From John Adams to Ebenezer Seaver, 14 August 1812

The Honble Ebenezer Seaver M.C.

Quincy August 14th. 1812.


I have the honour of your Letter of the 11th. It is all over with me. I can recollect an Old Anecdote and repeat it with the Garrulity of Age: But close thinking is out of the question. You must have Seen proofs enough that any novel Scenes or extraordinary Exertions or fatigue are two much for my Nerves. There are other reasons of an higher Order than this, which render it improper for me to Attend at Dedham and I am very glad that General Heath’s Wisdome has furnished me with an Apology.

I am almost 77. My Friend, the Abby de Mably, at the Age of 70 Said to me “Ah, Monsieur Adams “C’en est fait de moi: Je ne puis pas travailler que deux heurs; ap’res cila, if faut que Je me jette Sur le lit. Cidevant J’ay travailler, Six, huit, dix et douze heurs.” In our Language “Ah, Mr Adams, it is all over with me. I can Study but two hours. After that I must throw myself on my bed. Heretofore I could Study Six, eight ten or twelve hours,” Projects of Resolutions therefore ought not to be expected from me.

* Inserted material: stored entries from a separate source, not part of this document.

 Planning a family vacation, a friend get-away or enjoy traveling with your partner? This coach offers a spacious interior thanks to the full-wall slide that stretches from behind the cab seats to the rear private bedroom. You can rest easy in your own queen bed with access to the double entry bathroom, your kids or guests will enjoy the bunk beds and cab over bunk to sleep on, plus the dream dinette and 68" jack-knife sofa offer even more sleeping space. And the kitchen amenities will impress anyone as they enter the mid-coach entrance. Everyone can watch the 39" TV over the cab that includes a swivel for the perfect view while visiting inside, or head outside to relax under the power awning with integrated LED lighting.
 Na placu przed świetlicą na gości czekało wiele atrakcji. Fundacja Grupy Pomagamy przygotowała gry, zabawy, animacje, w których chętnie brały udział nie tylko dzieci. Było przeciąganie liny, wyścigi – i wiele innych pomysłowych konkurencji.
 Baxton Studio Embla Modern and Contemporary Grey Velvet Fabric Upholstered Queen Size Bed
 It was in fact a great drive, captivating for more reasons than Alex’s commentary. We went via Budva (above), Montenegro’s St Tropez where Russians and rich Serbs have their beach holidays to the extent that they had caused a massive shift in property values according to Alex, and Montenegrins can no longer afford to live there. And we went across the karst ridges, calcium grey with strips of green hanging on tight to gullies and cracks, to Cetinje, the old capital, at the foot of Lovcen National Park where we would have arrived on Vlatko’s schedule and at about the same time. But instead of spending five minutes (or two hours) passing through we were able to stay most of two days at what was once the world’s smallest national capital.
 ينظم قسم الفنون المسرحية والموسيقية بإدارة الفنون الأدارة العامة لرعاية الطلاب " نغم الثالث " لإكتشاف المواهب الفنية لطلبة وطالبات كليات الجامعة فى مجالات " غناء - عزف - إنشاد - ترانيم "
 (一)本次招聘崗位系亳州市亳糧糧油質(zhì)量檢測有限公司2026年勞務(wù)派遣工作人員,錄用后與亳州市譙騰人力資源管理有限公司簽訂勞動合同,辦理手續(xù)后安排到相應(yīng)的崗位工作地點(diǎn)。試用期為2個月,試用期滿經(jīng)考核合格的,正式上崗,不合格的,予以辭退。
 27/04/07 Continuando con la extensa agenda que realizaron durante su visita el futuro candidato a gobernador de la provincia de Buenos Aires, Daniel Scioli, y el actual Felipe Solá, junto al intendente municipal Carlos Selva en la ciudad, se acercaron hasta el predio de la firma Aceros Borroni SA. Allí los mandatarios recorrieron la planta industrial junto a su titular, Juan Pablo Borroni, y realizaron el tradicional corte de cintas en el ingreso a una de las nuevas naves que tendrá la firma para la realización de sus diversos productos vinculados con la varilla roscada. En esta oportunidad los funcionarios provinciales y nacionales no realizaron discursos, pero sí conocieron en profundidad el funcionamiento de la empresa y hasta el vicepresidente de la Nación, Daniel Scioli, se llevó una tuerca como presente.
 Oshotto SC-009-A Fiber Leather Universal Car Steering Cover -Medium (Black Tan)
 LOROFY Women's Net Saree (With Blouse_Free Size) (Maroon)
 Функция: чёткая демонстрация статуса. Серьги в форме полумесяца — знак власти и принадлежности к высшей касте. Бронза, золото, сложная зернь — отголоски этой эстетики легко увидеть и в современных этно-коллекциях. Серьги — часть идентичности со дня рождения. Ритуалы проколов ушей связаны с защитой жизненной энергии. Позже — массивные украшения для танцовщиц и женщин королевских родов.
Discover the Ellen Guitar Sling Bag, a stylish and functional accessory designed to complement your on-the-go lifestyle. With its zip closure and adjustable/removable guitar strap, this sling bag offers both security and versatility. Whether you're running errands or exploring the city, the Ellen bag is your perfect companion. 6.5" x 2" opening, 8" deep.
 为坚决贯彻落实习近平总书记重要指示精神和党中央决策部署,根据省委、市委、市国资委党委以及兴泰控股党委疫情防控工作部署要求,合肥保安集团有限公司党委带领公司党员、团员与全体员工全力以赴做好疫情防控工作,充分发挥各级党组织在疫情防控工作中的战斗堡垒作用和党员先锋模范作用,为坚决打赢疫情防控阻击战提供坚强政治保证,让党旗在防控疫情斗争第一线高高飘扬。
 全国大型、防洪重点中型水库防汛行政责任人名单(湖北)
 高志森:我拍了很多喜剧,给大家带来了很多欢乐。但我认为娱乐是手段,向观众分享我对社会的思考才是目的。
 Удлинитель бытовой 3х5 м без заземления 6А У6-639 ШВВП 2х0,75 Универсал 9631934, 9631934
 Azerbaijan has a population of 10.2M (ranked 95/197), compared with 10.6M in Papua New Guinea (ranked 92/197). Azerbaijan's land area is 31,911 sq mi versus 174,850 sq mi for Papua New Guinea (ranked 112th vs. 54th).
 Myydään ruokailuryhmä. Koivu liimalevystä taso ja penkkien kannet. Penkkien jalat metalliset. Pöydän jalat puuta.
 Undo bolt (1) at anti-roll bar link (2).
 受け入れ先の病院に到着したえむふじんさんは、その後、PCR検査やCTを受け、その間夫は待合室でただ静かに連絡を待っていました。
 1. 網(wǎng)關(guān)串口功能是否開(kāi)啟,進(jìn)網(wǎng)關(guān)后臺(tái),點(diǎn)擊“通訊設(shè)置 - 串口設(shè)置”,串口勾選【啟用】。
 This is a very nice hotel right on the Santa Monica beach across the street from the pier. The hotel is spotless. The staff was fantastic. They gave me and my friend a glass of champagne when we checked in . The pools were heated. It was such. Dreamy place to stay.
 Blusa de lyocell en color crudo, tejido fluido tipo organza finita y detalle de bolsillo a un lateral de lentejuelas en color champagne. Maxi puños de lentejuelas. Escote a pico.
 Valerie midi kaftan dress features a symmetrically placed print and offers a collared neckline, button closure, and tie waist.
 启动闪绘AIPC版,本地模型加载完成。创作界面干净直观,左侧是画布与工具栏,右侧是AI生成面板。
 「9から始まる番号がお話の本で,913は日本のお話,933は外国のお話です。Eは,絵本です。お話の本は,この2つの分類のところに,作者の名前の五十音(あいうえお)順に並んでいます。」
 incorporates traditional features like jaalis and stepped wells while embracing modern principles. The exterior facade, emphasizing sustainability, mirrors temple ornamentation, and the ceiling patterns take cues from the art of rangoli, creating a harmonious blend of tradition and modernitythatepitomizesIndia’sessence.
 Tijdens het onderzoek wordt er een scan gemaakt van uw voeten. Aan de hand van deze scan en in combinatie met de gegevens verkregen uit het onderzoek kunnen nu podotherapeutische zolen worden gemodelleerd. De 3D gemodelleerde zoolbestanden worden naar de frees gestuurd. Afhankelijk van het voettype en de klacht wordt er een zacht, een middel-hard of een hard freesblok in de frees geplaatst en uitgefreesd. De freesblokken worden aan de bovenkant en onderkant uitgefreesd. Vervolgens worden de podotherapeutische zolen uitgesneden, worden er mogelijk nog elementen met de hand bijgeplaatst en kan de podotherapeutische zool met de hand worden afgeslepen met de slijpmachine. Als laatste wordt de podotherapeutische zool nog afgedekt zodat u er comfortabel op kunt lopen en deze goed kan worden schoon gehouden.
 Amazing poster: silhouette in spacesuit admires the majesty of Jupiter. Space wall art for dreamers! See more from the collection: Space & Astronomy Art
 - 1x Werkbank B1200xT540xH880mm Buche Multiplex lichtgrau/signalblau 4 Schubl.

As to Preparations for a Navy. Fas est ab hoste doceri. If any Man can read the Speeches of Mr Quincy and Mr Loyd or the Proceedings of the more recent Convention of New Hampshire and not be convinced of the Expediency and Necessity of a maritime defence, I am sure, if I were to write Volum’s they would have no Effect—

It has been my invariable Opinion for Seven and thirty Years, that A Navy must be the Nexus utriusque Mundi, Nothing but a Navy will or can preserve the Union. Without it we Shall break into two at least, perhaps three Pieces. It is now so apparent and so pressing that if Congress will not Sett themselves in earnest to building Frigates the Union is no more. It is astonishing to me, that Talbut Truxton Decatur Preble are forgotten? We ought to have a <Naval> Why is not Commodore Hopkins and Captain Manly Remembered? We ought to have a Naval History. We have had a Navy thirty Seven Years, and its exploits ought not to be forgotten.

The County of Norfolk will do itself immortal honour and Serve Our Country in her most essential Interests; by an Open, Manly, explicit decisive and determined Adoption of a System of Maritime Defence and Naval Power.

In what manner this Shall be done; whether by Petition to Congress or Petition to the President or both; or whether by Recommendation to their Representatives in Congress, or by Simple Resolutions expressive of their Opinions and Wishes I leave to you and Your Friends to Consider.—

The late Insult to our Representative in Congress, So grosly and publickly offered in Boston ought not to be passed over unnoticed. Your Magnanimity will no doubt endeavour to prevent any intemperate Expressions of Resentment; perhaps object to any Notice of it. But the Offence ought to be resented by the Districk: temperately moderately, with as much dignity as possible:—but it ought to be marked, if it is only to be forgiven.—It appears to me, it would be extreamly imprudent in the District to think of Changing their Representative, in the present critical and dangerous Circumstances of the Nation; as it would be Levity, Caprice and Indiscretion in the Nation to Change their President.— To be sure in all Cases, if We were sure of obtaining wiser, Abler and better Men it would be right to embrace the opportunity Others, no doubt think they know such Men: but I own I am not able to find them.

I wish you, the District, the State, America and the World, all the Prosperity, that is in the Order of Providence to bestow.

John Adams.

MHi: Adams Family Papers, Letterbooks.